:: Data ::
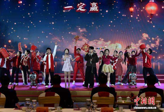 图为演员在联谊活动上表演开场节目《新爱拼才会赢》。
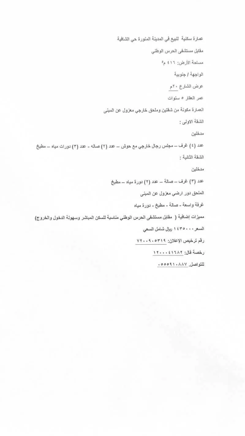 عرض على Aqarعمارة سكنية للبيع في المدينة المنورة حي الشافية مقابل مستشفى الحرس الوطني ساحة الأرض: ٤١٦ م2 الواجهة / جنوبية عرض الشارع ٢٠م عمر العقار ٥ سنوات العمارة مكونة من شقتين وملحق خارجي معزول عن المبنى الشقة...
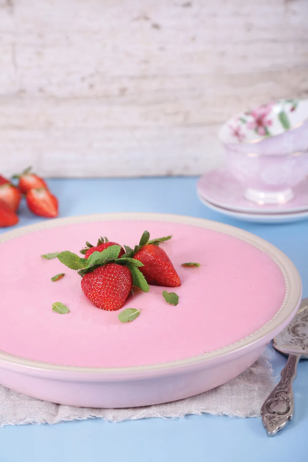Pour gently onto the strawberry mixture. Decorate the top of the tart with the halved strawberries and let the tart set for 3 hours in the fridge.
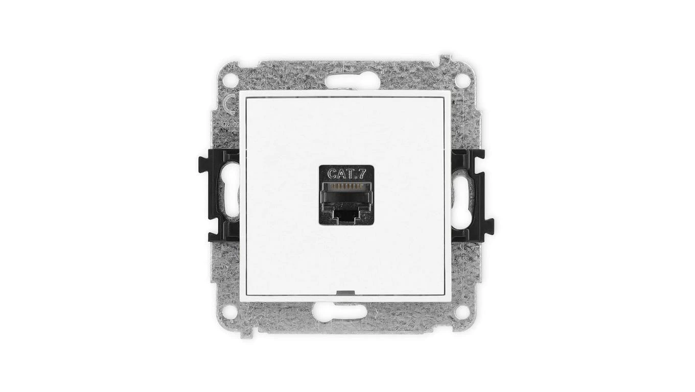 ICON Mechanizm gniazda komputerowego pojedynczego 1xRJ45, kat. 7, ekranowane, 8-stykowy, bez pola opisowego biały mat 25IGKBO-9
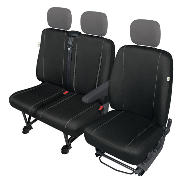 Dette sæt indeholder: 1 forsædebetræk, 1 dobbelt sofabetræk og monteringsklips. Ideelt til Iveco Daily, 2014-.
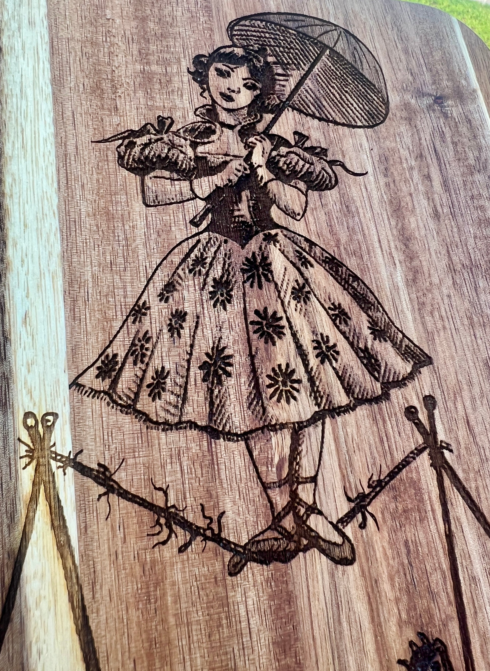 Charcuterie & Cutting Board - The Doomed Tightrope Walker from the stretching room! Sally Slater 16” X 8” engraved on Acaci
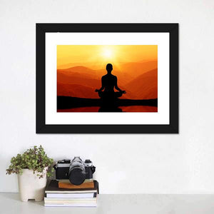 Meditating Man Silhouette at Sunset Canvas Wall Art
:::
*Problem description*. Write all the entries again word for word, minus the pictures.

*Output below*.
 图为演员在联谊活动上表演开场节目《新爱拼才会赢》。
 عرض على Aqarعمارة سكنية للبيع في المدينة المنورة حي الشافية مقابل مستشفى الحرس الوطني ساحة الأرض: ٤١٦ م2 الواجهة / جنوبية عرض الشارع ٢٠م عمر العقار ٥ سنوات العمارة مكونة من شقتين وملحق خارجي معزول عن المبنى الشقة...
Pour gently onto the strawberry mixture. Decorate the top of the tart with the halved strawberries and let the tart set for 3 hours in the fridge.
 ICON Mechanizm gniazda komputerowego pojedynczego 1xRJ45, kat. 7, ekranowane, 8-stykowy, bez pola opisowego biały mat 25IGKBO-9
 Dette sæt indeholder: 1 forsædebetræk, 1 dobbelt sofabetræk og monteringsklips. Ideelt til Iveco Daily, 2014-.
 Charcuterie & Cutting Board - The Doomed Tightrope Walker from the stretching room! Sally Slater 16” X 8” engraved on Acaci
 Meditating Man Silhouette at Sunset Canvas Wall Art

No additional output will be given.